Who was he? That's something Shrewsbury's Richard Tisdale would dearly love to know.
Richard is writing a book about the newspaper correspondent who went behind the scenes of how people lived, what they thought about the politics of the day, and the workings of the courts.
There was even some investigative journalism into the sensational tale, which made national headlines, of a young servant girl from Weston Lullingfields called Emma Davies who appeared to be the focus of supernatural happenings, with the correspondent noting in passing that "the villages of Weston and Weston Lullingfield (sic) are, perhaps without exception, the quietest and dreariest it was ever my chance to pass through."
This correspondent originally began writing under the name One Of The Crowd but quickly changed that. Among his columns was a whole series devoted to how the poor lived in Shrewsbury. In another he told how he went up to the top of Lord Hill's Column, to find the statue already ravaged by time - and that was in 1884.

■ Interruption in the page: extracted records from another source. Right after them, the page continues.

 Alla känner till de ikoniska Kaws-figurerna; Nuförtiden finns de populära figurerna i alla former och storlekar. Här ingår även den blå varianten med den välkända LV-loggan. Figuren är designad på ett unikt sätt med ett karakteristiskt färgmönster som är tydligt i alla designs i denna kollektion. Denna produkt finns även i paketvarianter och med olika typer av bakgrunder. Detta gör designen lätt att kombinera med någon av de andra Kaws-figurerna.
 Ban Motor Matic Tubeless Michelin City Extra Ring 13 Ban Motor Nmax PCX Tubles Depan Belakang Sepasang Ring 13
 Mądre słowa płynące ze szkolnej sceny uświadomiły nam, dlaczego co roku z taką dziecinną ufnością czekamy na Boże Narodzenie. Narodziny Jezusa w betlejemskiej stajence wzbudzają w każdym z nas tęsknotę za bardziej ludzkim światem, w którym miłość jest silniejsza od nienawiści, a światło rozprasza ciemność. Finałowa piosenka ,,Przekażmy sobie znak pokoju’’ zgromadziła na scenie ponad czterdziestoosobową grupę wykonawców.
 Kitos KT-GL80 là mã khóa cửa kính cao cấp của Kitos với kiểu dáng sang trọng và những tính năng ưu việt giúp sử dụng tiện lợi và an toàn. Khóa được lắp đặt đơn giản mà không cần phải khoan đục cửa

His story has intrigued Richard, 35, who works for BBC Radio Shropshire as the breakfast show producer.
"I've just got a real passion for history - we have in the family. My dad Allan Tisdale has taken our roots back hundreds of years in the family history.

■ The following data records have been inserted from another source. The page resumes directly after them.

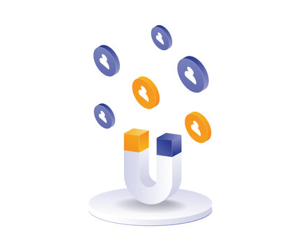hand holding magnet and tries to appeal clients, customers. Customer retention concept. vector illustration.
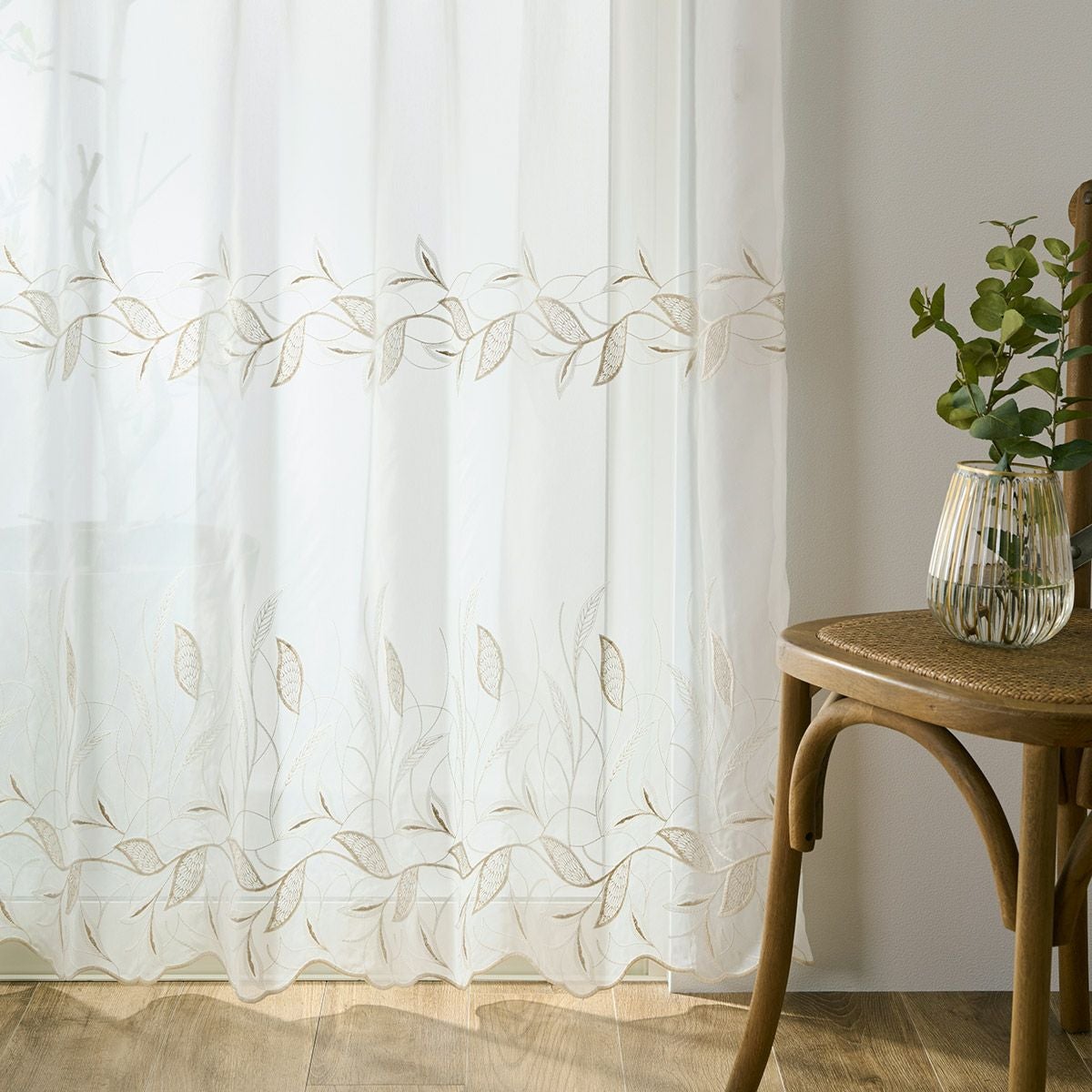 やさしいリーフ柄がおしゃれなトルコ刺繍レースカーテン エテルノ(L-8205)
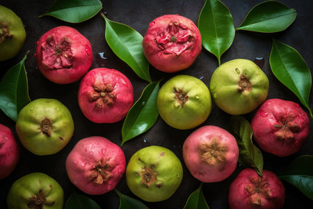 Ripe guavas fruits with leaves on black background.

"I signed up to the British Newspaper Archive which has papers dating back to the 1700s and found lots of interesting and amazing stories which seemed a waste to let go. I started a blog about it and then I came across this columnist who worked for the Wellington Journal & Shrewsbury News.

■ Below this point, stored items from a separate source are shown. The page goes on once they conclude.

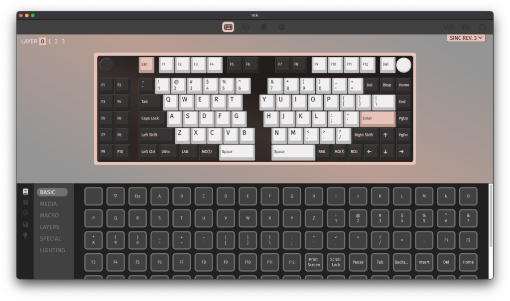 VIA is another popular keyboard firmware, it is user-friendly, allows for real-time customization with just a few clicks, and doesn’t require any code to run. You can change the RGB, change keybinds, change the layout, make layers, and program macros. You don’t need to flash/reflash files, and your configurations will stay on your keyboard even if you turn it off. VIA has two tools, VIA firmware and VIA configurator. The configurator does the functions listed above, and the firmware can work side by side with QMK.
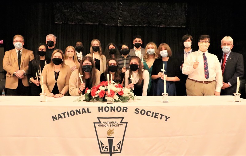 Service, Scholarship, Leadership and Character are the tenets of the Honor Society. The National Honor Society and National Junior Honor Society inducted 28 members on Thursday, November 18, 2021. The event was hosted by Advisor Ms. Jones, President Marisa Leo, Vice President Zoe Vaught and Secretary/Treasurer Eliza Vaught. The guest speaker was Ms. Jenna Park. Superintendent Mr. White, Board of Education President Mr. Castricone and Principal Mr. Reese all gave a warm welcome. Congratulations!
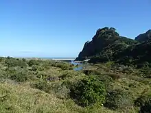 One of the earliest individuals associated with the area is Tiriwa, a chief of the supernatural Tūrehu people, who is involved with the traditional story of the creation of Rangitoto Island, by uplifting it from Karekare on the west coast.[54][55] The early Polynesian navigator Kupe visited the west coast. The Tasman Sea alongside the coast was named after Kupe,[20] and traditional stories tell of his visit to Paratutae Island, leaving paddle marks in the cliffs of the island to commemorate his visit.[18] The Tainui tohunga Rakatāura (also known as Hape) was known to have visited the region after arriving in New Zealand, naming many locations along the west coast.[15] He is the namesake of the Karangahape Peninsula at Cornwallis, as well as the ancient walking track linking the peninsula to the central Tāmaki isthmus (part of which became Karangahape Road).[56][57]

"I have no idea who he was by name. He only referred to himself as One Of The People, but in the 1880s he wrote a weekly column about places he visited and the people he spoke to. It's beautifully written and sheds a fantastic light on the everyday goings-on in the lives of ordinary people.
"He visits a pub in Shrewsbury and talks to the drunken members of the militia about the politics of the day. He does a column on the family of deaf and dumb children living in Frankwell and being failed by the education system.
"He does one about spooky goings on at Weston Lullingfields - a story which made national news - so, as a sceptic, he goes to find the truth after the dust has settled.
"He visits the police courts and quarter sessions across Shropshire and describes the people, their crimes and how they're dealt with. And a fisherman complaining that there aren't as many fish in the river any more."
By reading the columns, Richard has got a sense of what sort of person One Of The People was.
"I would assume he is well educated, a liberal, certainly in the old sense. His writing is beautiful, so distinctive, and I think he believes in social justice.
"He was somebody who could talk and interact with anybody. He must have had the gift of the gab, being able to go in and talk to all walks of life.
"What happened to him I have no idea. I have found no other reference to him. I'm still searching. It would be amazing to know who he was."
Richard's book, on which he is still working, will naturally be called One Of The People, and will include some of the best columns from around the county and put them in historical context.
"I have a publisher, The History Press, interested it already. Ideally I would love to have it ready for Christmas, but I think it's going to be just past that."